Protesters plan to confront Wolf over new Pa. prison policies

Book donation programs were curtailed in late August when a rash of illnesses among prison staff — thought to be related to synthetic drug exposure--prompted DOC officials to lock down the entire prison system. (Carolyn Kaster/AP Photo)

Book donation programs were curtailed in late August when a rash of illnesses among prison staff — thought to be related to synthetic drug exposure--prompted DOC officials to lock down the entire prison system. (Carolyn Kaster/AP Photo)

Inmates’ rights groups are trying to turn their opposition to recent state prison policies into a campaign issue for Governor Tom Wolf.

The new rules were handed down last month on the heels of a statewide prison lockdown, over concerns drugs were making their way inside state-run facilities.

Books must now be purchased though the Department of Corrections, and gifts and donations of books have been temporarily halted.

The department has argued the changes won’t infringe on inmates’ rights — and say stopping access to free books for two or three months is necessary to stop drug smuggling.

Keir Neuringer is a volunteer with the group Books Through Bars, which gave Pa. inmates free books before the lockdown. He said he doesn’t think any halt is acceptable.

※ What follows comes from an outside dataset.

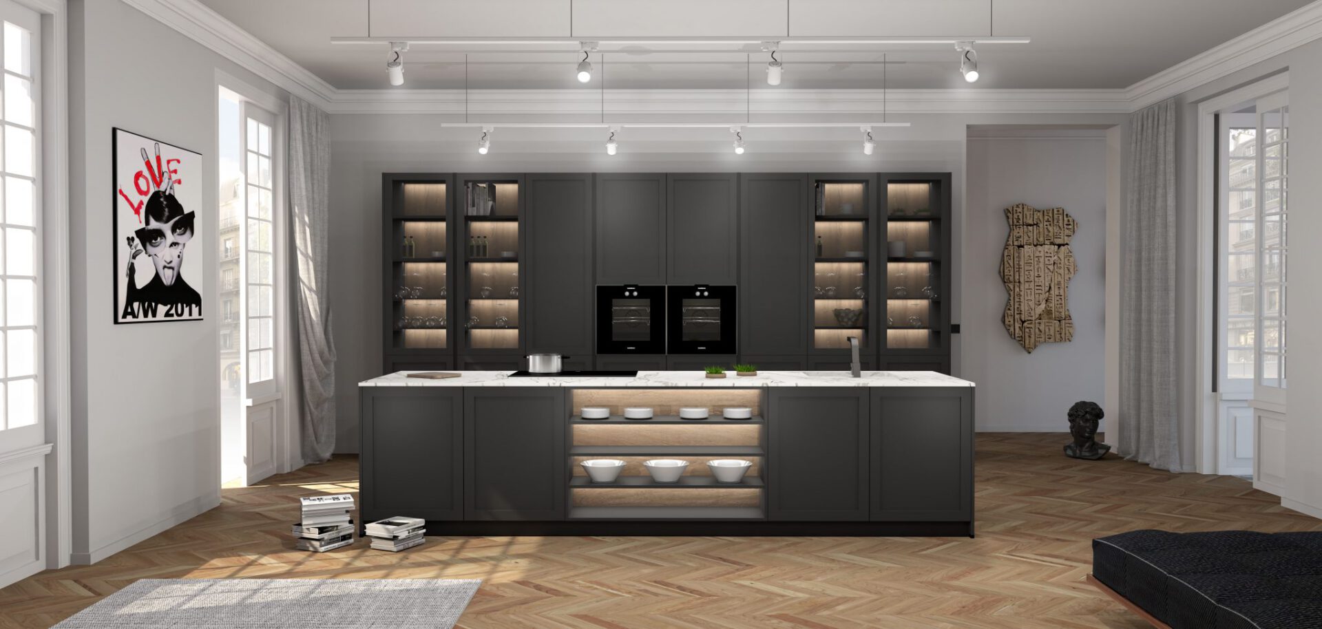 Publicado el 28/02/2020 a 1920 × 914 en Cocina Manhattan Antracita con Isla en Paralelo.

“Not every person in prison has a support network on the outside,” he said. “It’s not merely about the books  — the books are a tool for access to education.”

The Coalition to Abolish Death by Incarceration plans to rally outside a campaign fundraiser Wolf is holding in Philadelphia Wednesday. And Thursday, the state’s Legislative Black Caucus is holding a town hall on the new policies with Corrections Secretary John Wetzel — also in Philly.

Books Through Bars and other groups are expected to be in attendance.